Word games

The Plain Sense of Things

Sarah Lillegard and Jared Stanley stand amid artwork at Sierra Nevada College.

Sarah Lillegard and Jared Stanley stand amid artwork at Sierra Nevada College.

Photo/Josie Luciano

The closing reception for The Plain Sense of Things is Thursday, Jan. 28, from 5-7 p.m. Works are on display at the Holman Arts Center, Tahoe Gallery and Prim Library through January 29. Featured artists include Cari Carmean, Tom Comitta, William L. Fox, Matthew Hebert, Nate Joski, Lara Mimosa Montes, Felicia Perez, Julia Schwadron, Stanley St. John, Nicholas Valdez and Alli Warren. For more information, visit www.sierranevada.edu/event/the-plain-sense-of-things/.

Putting on an art show about language—without coming off like a windbag—is no small task. Throw in the added challenges of curating over a dozen artists, a winter storm on opening night, and the thing that happens when 25 hay bales start to decompose in your gallery, and you may get an idea of what Jared Stanley and Sarah Lillegard were up against for their latest project, a group exhibition at Sierra Nevada College called The Plain Sense of Things.

The exhibition features work by 13 artists spread out across three locations on the SNC campus, plus a 30-minute podcast “for the car ride up.” All pieces in the show are examples of “embodied reading” where language is both a limit and a doorway to the gallery experience. Pieces range from screengrab poetry and signage to textiles, a diorama, and an entire appropriated book.

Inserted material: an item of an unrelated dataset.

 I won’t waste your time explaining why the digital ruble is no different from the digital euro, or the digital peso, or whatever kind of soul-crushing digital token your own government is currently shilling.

It’s not always an easy read, but that is by design.

“A lot of times reading is there to kind of make sense, and for us there was a bit of a desire to scramble codes,” said Stanley, a writing instructor at SNC. “I think it will hopefully be a little difficult or perverse for the reader, the viewer.”

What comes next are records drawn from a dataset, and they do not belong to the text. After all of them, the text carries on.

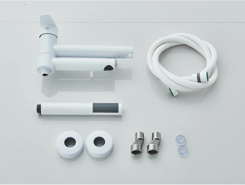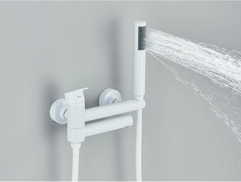 ครีมสีขาว/สีเทาห้องน้ําน้ําตกอ่างอาบน้ําก๊อกน้ําพร้อมหัวฝักบัวมือถือติดผนังร้อนและเย็นแตะชุดฝักบัว
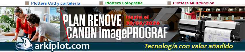 Modelos a renovar: Cualquier plotter base agua de Canon o competencia ≥24″ y ≥ 6 colores. Importe a descontar: Renove hasta 750€ Promoción válida hasta el 30 de junio de 2026. |
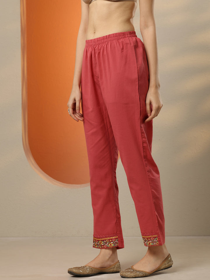 Our 3-piece Red Cotton Straight-Fit Kurta Set features a V-Neckline, Regular Sleeves, and statement yoke. Complemented with Straight Pants with a Partially Elasticated waistband and 2 pockets, and an Embroidered dupatta. Adorned with Floral Embroidered, this style is perfect for Dark Festive.

To the curators’ credit, visitors can expect lots of code-scrambling, reading material, and minimal windbaggery. There are a couple of moments that might genuinely subvert the way you think about language.

One of those moments happens when you see Julia Schwadron’s “Ways To Get Interrupted,” a black and white screen-printed panel that divides the Garage Door Gallery in two. At first glance, it appears to be an art-deco-meets-Japanese-woodblock type of textile but after a few seconds of staring, the word “everything” pops out, revealing its tiled letters to be the only pattern in the fabric.

The 5 or 10 seconds that it takes to see “everything” hiding in plain sight is a length of time that falls somewhere between instant recognition and longer-form reading. It’s text that, according to Schwadron, “is ingested without being deciphered.”

There are other double-take pieces, too—like the haystack. Titled “Idyll” and created by Stanley and Lillegard, the first thing you notice is the huge piece of vinyl stretched over the top. It looks just like the old billboards that ranchers use to keep their hay dry, but instead of an old Comcast advertisement, this one is wrapped in a pastoral poem from the Greek writer Theocrates. The text is partially obscured by bends in the vinyl, making it impossible to get a straightforward read. Instead, different poems emerge between folds as you circle the haystack.

Possibly the most ambitious piece in the exhibit is Lara Mimosa Montes’ “Cinderella Complex XXX.” Created entirely by whiting out sentences from the 1981 New York Times bestseller—and racially tone-deaf feminist memoir—Cinderella Complex, the artist makes a statement with what is left of the text. Poems like “I tell you/ there’s a woman there/ there/ but also not there/ We all know about women/ those women/ don’t we” express Montes’ personal frustration with the discrimination that hid behind her feminist studies courses in graduate school.

“It’s about a bad adaptation, it’s about obscenity,” said Montes over the phone. “I wanted to have a reaction to that obscenity and part of it meant having to vandalize text.”

Nothing is sacred when it comes to language in The Plain Sense of Things. Good thing? You’ll have to make the trek and see for yourself.